Your objective
Excluding pictures, retype exactly the lines from the one with "Jakarta Pusat –" through the end of the records that follow.

*** Source information ***

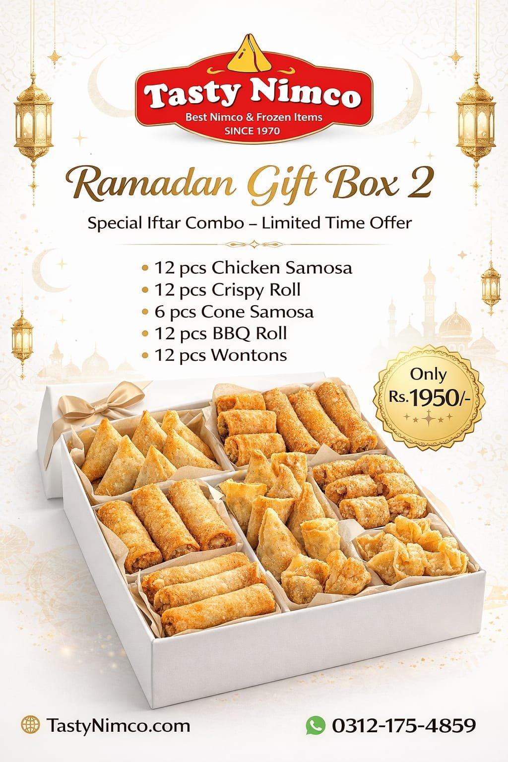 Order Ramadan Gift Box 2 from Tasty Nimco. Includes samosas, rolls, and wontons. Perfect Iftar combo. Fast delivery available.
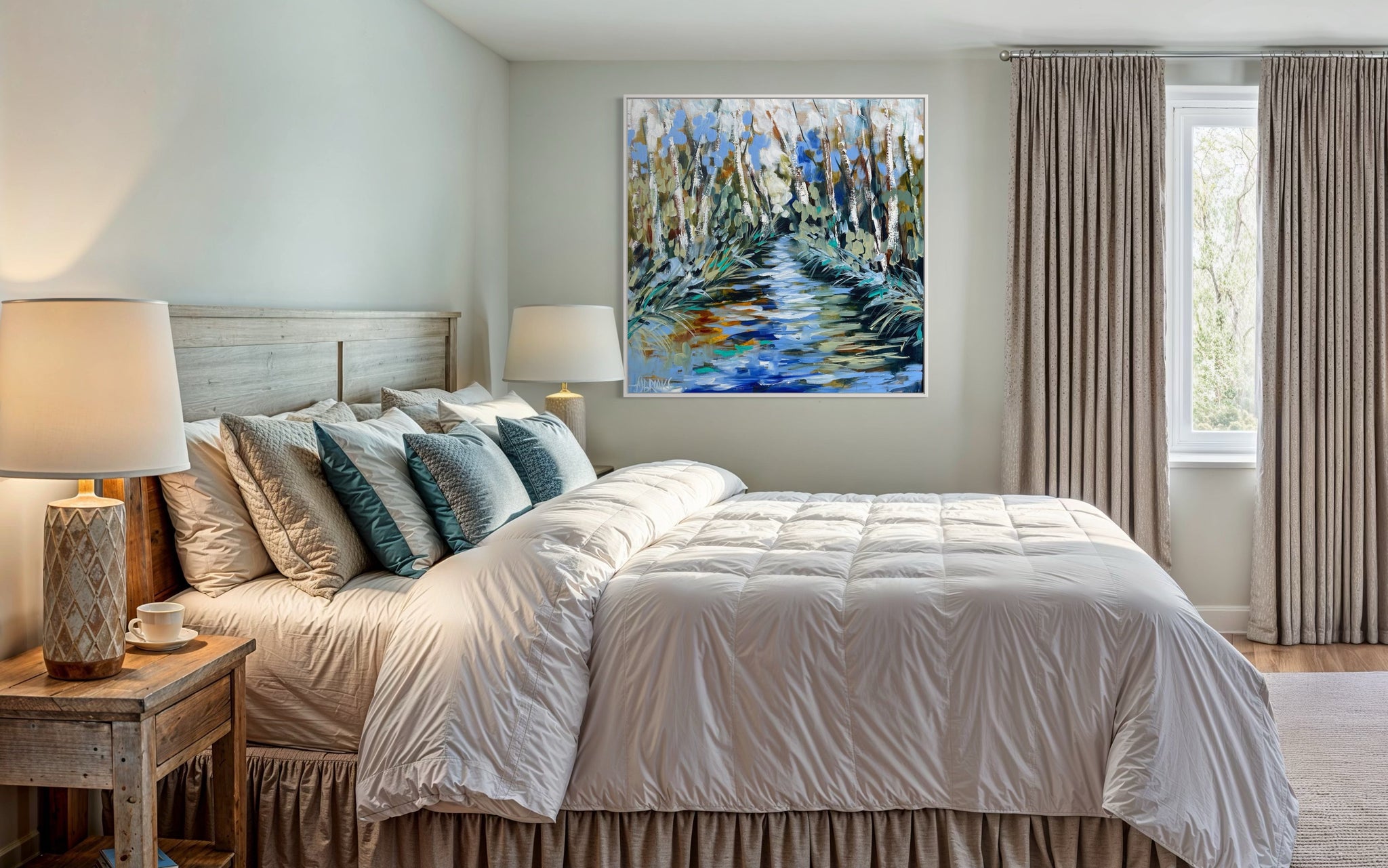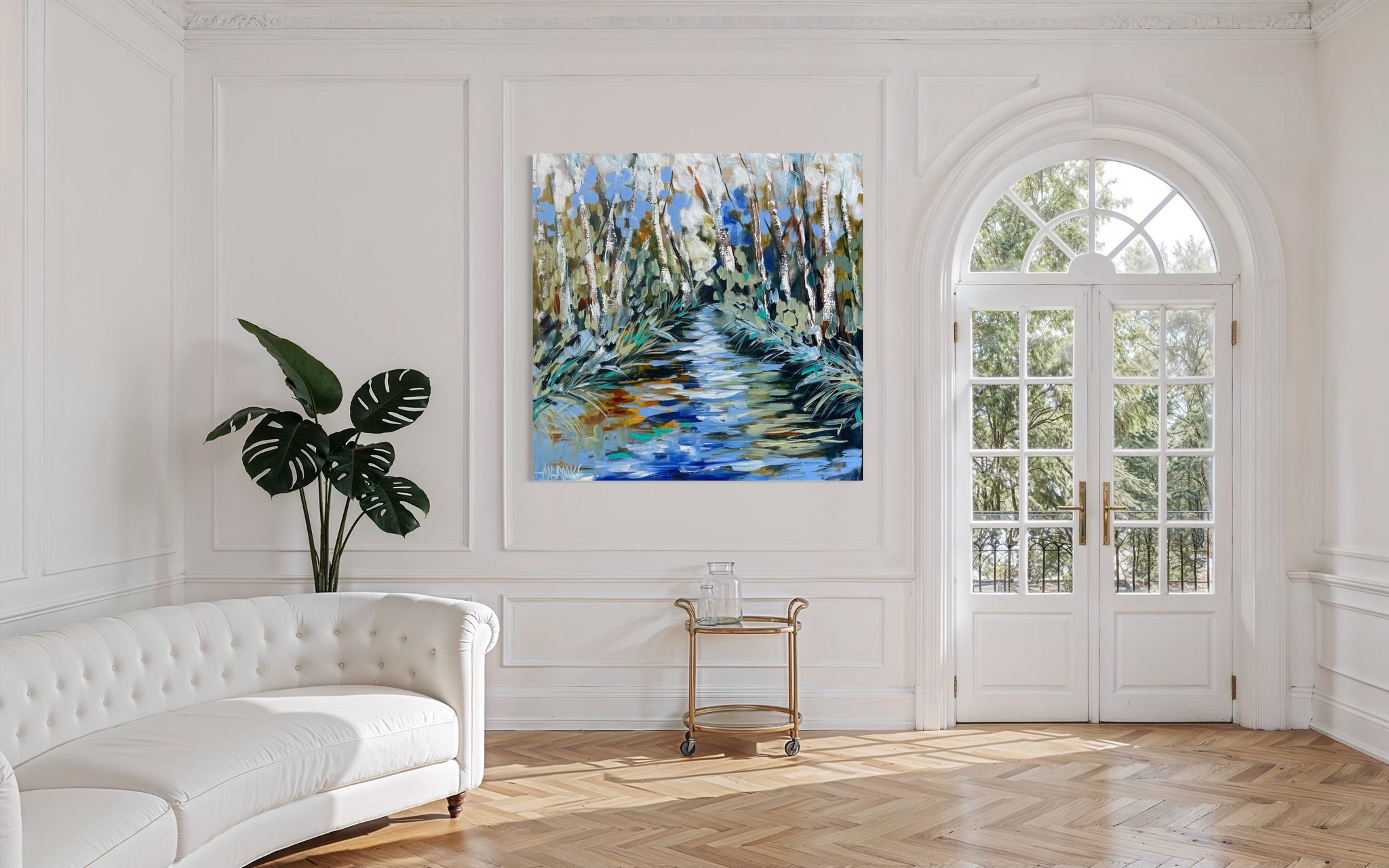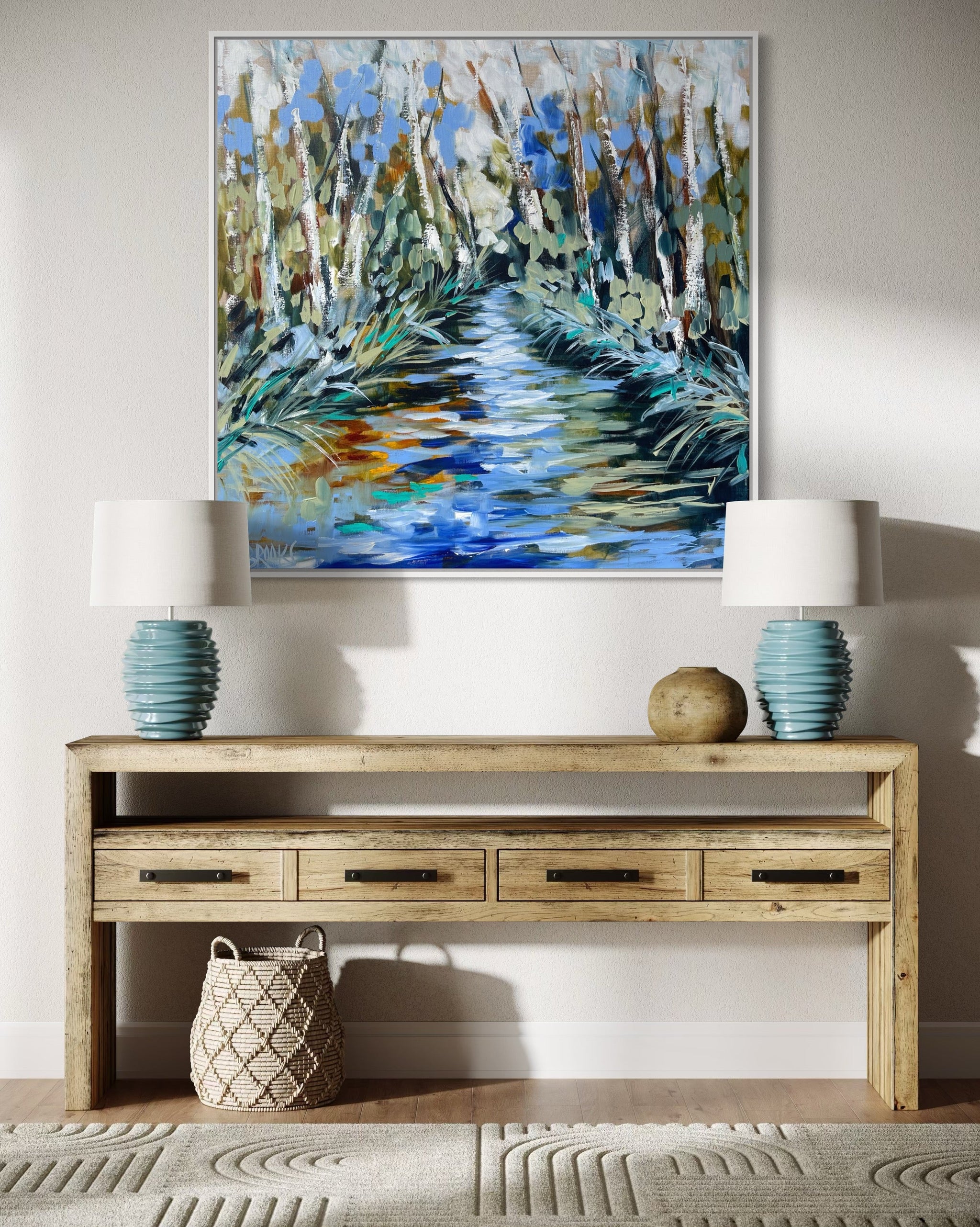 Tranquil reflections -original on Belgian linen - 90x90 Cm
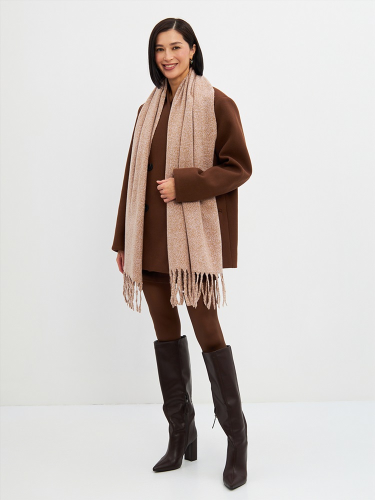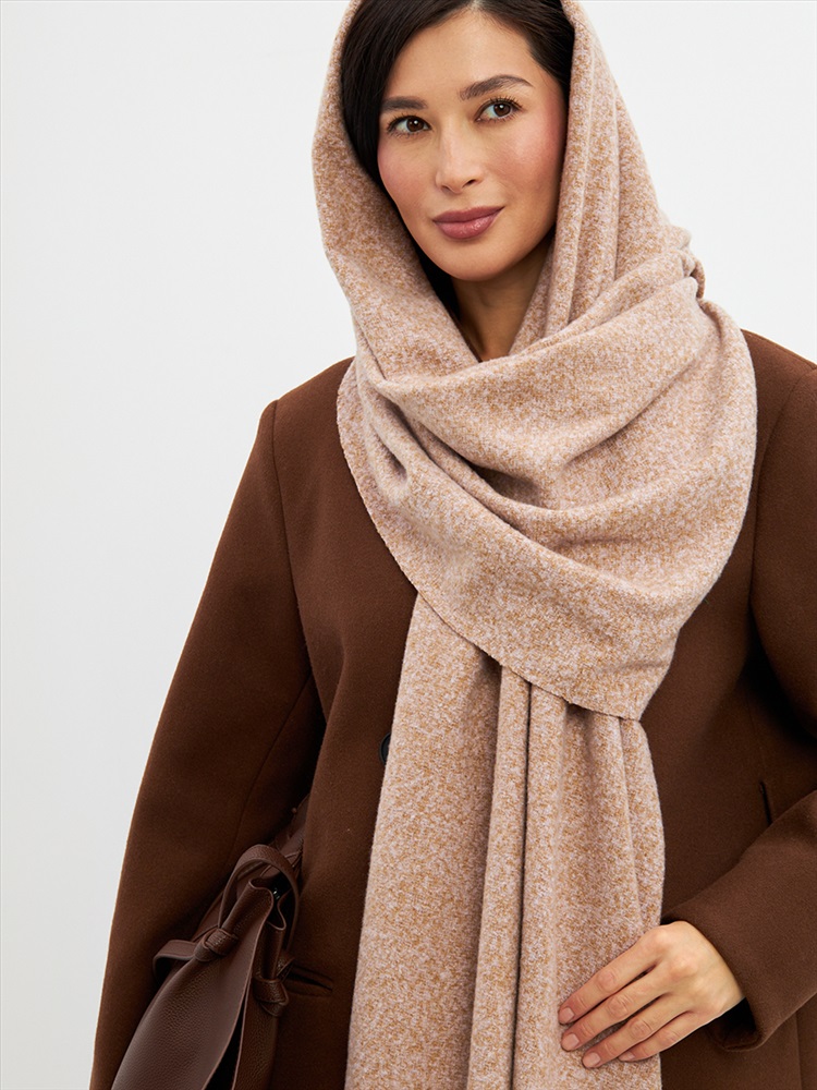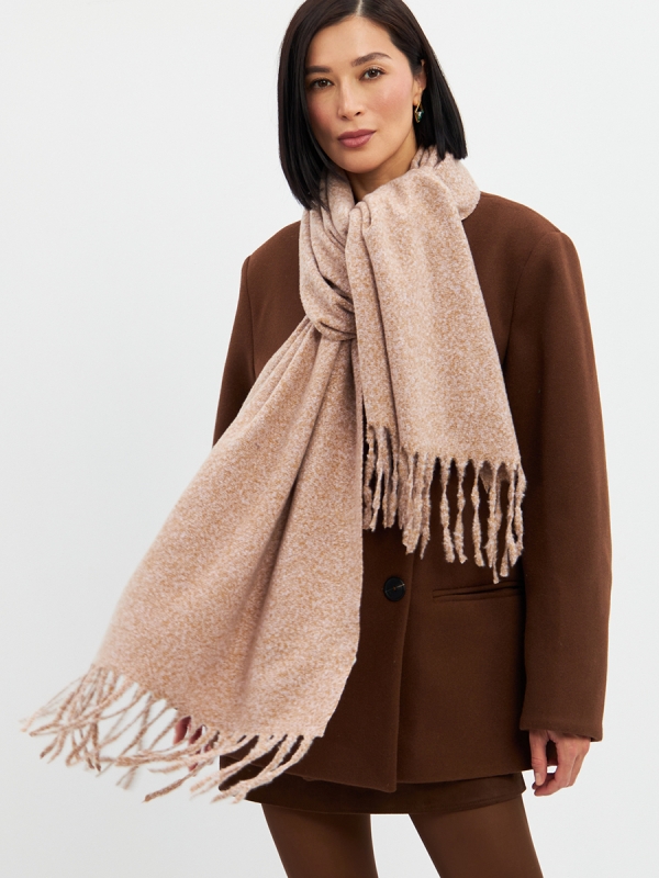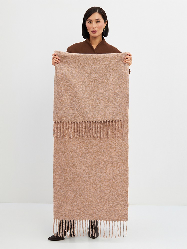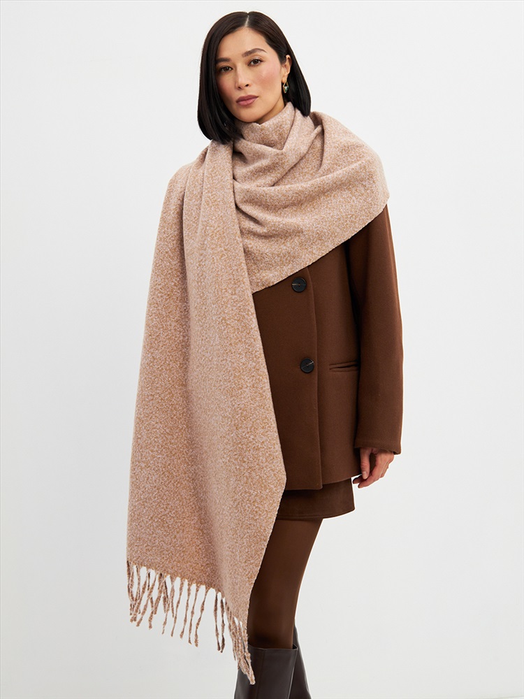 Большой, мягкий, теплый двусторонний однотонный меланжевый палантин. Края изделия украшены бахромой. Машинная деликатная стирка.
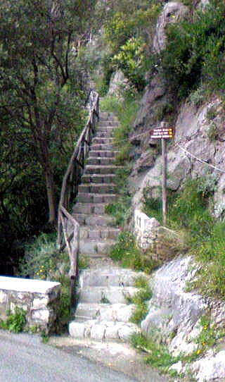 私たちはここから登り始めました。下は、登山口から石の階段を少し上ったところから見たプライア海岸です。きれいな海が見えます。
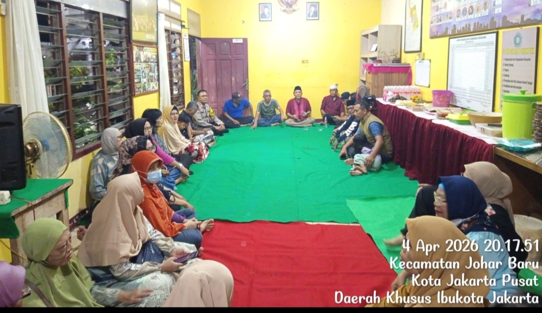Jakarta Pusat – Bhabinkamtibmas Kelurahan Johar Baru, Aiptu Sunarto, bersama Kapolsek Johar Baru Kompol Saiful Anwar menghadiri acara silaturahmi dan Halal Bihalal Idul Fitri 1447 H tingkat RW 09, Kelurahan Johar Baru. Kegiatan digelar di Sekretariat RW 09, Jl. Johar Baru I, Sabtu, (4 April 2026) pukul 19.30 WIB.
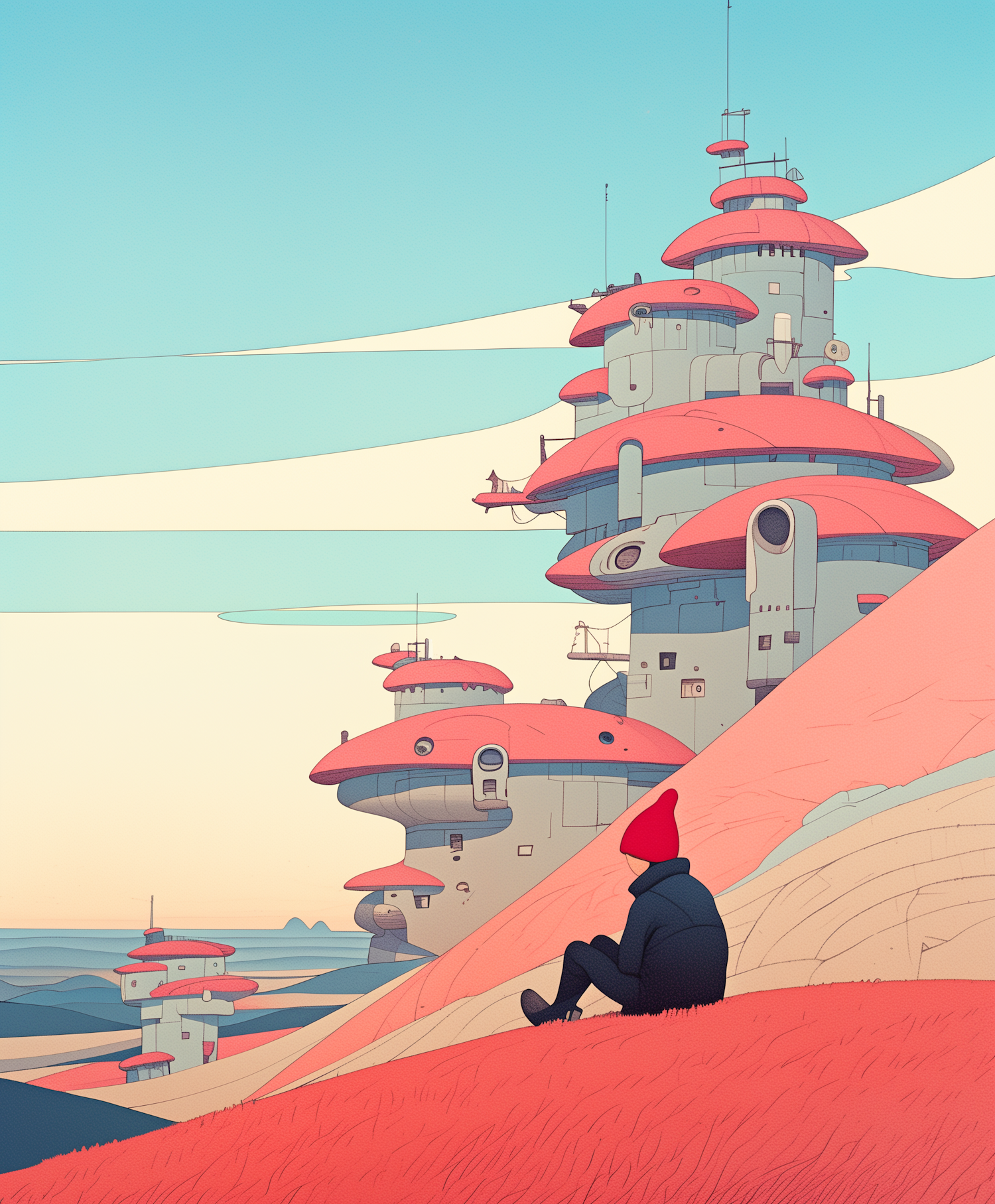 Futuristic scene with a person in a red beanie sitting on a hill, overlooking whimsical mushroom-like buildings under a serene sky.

*** End of Source information ***

Task solution
Jakarta Pusat – Bhabinkamtibmas Kelurahan Johar Baru, Aiptu Sunarto, bersama Kapolsek Johar Baru Kompol Saiful Anwar menghadiri acara silaturahmi dan Halal Bihalal Idul Fitri 1447 H tingkat RW 09, Kelurahan Johar Baru. Kegiatan digelar di Sekretariat RW 09, Jl. Johar Baru I, Sabtu, (4 April 2026) pukul 19.30 WIB.
 Futuristic scene with a person in a red beanie sitting on a hill, overlooking whimsical mushroom-like buildings under a serene sky.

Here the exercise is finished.